■ Dataset content ■

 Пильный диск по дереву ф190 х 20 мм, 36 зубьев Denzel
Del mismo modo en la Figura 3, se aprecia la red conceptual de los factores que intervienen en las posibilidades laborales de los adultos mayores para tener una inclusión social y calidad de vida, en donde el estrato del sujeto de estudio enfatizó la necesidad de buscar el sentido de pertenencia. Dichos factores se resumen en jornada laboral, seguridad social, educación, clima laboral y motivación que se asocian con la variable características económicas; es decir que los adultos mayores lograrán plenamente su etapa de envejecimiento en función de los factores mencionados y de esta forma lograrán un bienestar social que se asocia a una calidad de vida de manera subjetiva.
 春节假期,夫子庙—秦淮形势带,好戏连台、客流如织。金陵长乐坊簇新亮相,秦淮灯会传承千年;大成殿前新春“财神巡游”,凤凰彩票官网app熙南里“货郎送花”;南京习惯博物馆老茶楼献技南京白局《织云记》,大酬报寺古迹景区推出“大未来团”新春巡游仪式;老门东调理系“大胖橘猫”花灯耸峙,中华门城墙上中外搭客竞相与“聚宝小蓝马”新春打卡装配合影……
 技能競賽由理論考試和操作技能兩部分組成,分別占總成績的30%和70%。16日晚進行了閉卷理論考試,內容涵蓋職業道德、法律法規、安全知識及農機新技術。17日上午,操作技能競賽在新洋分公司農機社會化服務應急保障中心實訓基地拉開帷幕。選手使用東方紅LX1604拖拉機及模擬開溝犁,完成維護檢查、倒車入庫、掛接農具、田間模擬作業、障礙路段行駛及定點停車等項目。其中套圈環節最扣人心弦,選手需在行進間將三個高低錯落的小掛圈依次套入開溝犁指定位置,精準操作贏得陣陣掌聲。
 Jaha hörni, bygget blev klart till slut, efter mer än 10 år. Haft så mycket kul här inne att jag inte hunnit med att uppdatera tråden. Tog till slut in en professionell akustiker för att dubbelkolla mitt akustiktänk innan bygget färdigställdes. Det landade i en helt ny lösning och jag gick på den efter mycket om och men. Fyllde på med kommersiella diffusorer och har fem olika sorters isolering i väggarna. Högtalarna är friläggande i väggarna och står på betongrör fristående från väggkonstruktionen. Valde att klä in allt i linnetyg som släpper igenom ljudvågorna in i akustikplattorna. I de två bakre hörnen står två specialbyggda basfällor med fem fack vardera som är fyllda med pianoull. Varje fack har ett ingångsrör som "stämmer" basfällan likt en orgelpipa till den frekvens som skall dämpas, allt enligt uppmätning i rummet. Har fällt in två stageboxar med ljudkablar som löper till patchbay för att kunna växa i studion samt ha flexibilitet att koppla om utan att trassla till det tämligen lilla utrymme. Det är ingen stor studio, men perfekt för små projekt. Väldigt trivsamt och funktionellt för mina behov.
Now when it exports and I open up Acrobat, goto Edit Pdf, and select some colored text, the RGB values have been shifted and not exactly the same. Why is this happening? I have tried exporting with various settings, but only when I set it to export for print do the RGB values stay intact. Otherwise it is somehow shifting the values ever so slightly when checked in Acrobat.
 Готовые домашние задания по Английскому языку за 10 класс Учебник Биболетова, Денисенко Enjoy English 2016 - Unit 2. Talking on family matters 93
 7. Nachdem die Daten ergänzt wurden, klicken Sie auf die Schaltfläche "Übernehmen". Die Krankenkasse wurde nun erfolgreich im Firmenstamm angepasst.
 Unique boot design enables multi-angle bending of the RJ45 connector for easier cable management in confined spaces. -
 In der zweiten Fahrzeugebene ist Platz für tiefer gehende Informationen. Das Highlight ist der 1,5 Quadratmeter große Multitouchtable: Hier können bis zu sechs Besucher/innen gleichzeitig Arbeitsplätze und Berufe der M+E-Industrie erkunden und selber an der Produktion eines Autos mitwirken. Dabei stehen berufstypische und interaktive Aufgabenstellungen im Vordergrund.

■ What to produce ■
In your reply, restate exactly the lines from the start of the records above through the line holding "Del mismo modo", including both, and nothing else.

■ Your response ■
 Пильный диск по дереву ф190 х 20 мм, 36 зубьев Denzel
Del mismo modo en la Figura 3, se aprecia la red conceptual de los factores que intervienen en las posibilidades laborales de los adultos mayores para tener una inclusión social y calidad de vida, en donde el estrato del sujeto de estudio enfatizó la necesidad de buscar el sentido de pertenencia. Dichos factores se resumen en jornada laboral, seguridad social, educación, clima laboral y motivación que se asocian con la variable características económicas; es decir que los adultos mayores lograrán plenamente su etapa de envejecimiento en función de los factores mencionados y de esta forma lograrán un bienestar social que se asocia a una calidad de vida de manera subjetiva.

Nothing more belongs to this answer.